A lot has happened over the last couple of weeks. Grandma & Grandpa S came to visit for a couple of weeks from Germany. We went to Agra and visited the Taj, Agra Fort and Fatehpur Sikri.....Oh yeah, and big T turned 16!!
I thought that once Big T turned 16 I would feel differently as a mother, but ya know, it doesn't feel much different to be a mother of a 16 year old than it did a 15 year old. But the idea of him starting to date (it is our rule that they be at least 16) is kinda scary. All of the sudden it feels like the forbidden fruit is no longer forbidden. For 16 years we have preached no dating, no kissing, no holding hands, girls have "cooties", all the important anti-dating propaganda, and in one magic moment, before the last off-tune note of Happy Birthday drifted off into silence, dating became legal.
Luckily, for me, big T is still a bit shy when it comes to girls and is taking his time wading into the merky waters of the dating pool. This I am all too grateful for. I am also appreciative that Halo, Ghost Recon and goofing around with his friends still seems to hold the majority of his affections, and fortunately, that did not magically change the moment he became 'of-age'. But all too soon I know they will be replaced with a pretty face. I'm not sure I am prepared for that day.

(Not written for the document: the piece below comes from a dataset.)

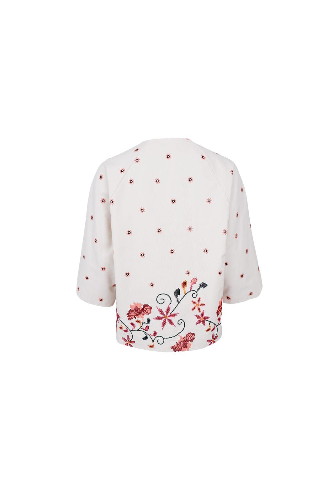 - Blumenstickerei am unteren Rand der Jacke

I don't kid myself by thinking I am, or ever was my sons "first-love", that is way too Hollywood. But I have to admit it is a very romantic notion, and at the risk of sounding like a bad cliche, I must share a few feelings;
I can remember clearly the day I first held him in my arms. The feelings and emotions that welled up inside me, at that moment were so incredibly powerful, that I thought my heart might actually burst right out of my chest. The feelings were so overwhelming all I could do was sit and sobb.
I felt as if I were experiencing life for the first time. As if I too was just re-born. Everything was different now. I had never felt such joy, and in turn, saddness took on a whole new meaning as well. It was a moment like no other, incapable of description.
How I long to hold that baby once more...
Enough nostalgia, if I held him in my arms now I would be crushed!
We were at a loss as to what to do for him for his birthday because he doesn't get the normal perks of turning sixeteen in the states. Namely, getting a drivers license and all that entails. I knew we couldn't give him anything that would make up for the fact that he couldn't drive, but I wanted it to be memorable. So, I thought back to my own 16th birthday and decided to throw him a surprise party! Okay, maybe not the best idea, but parents are supposed to be lame, right!
We booked a room at ACSA and had them decorate and cater finger foods. I invited his friends and made them promise not to say anything and I made another AMAZING cake! I didn't think anything could beat that soccer-if-ic cake I made for Mishy but this was pretty impressive!
We told him we were taking him to dinner for his birthday and as we walked up through the ACSA building we asked him to go look for Mo in the party room because she was hanging out there with some friends. We followed him down the hall and as he started to open the door he saw the Happy Birthday sign and swiftly turned around to leave. It was at that moment that I realized how lame the surprise party idea was! We forced him into the room and he was completely taken off guard. I could tell he felt very embarrassed and awkward.
(What mother's won't do to embarrass their children!) After a while when the focus was off him he seemed to settle down and enjoy the party. We ate, chatted and listened to music. Little T and his friend favored us with a little "brake-dancing" as well. 
Not the kind of 16th birthday party Big T probably imagined, but memorable all the same! We eventually left him and his friends at ACSA to bowl (T wants me to tell you that he dominated at bowling) and gave them their space to hang-out!
It was a successful night. Big T had a memorable 16th bithday and I felt like a good mother! What more could you ask for!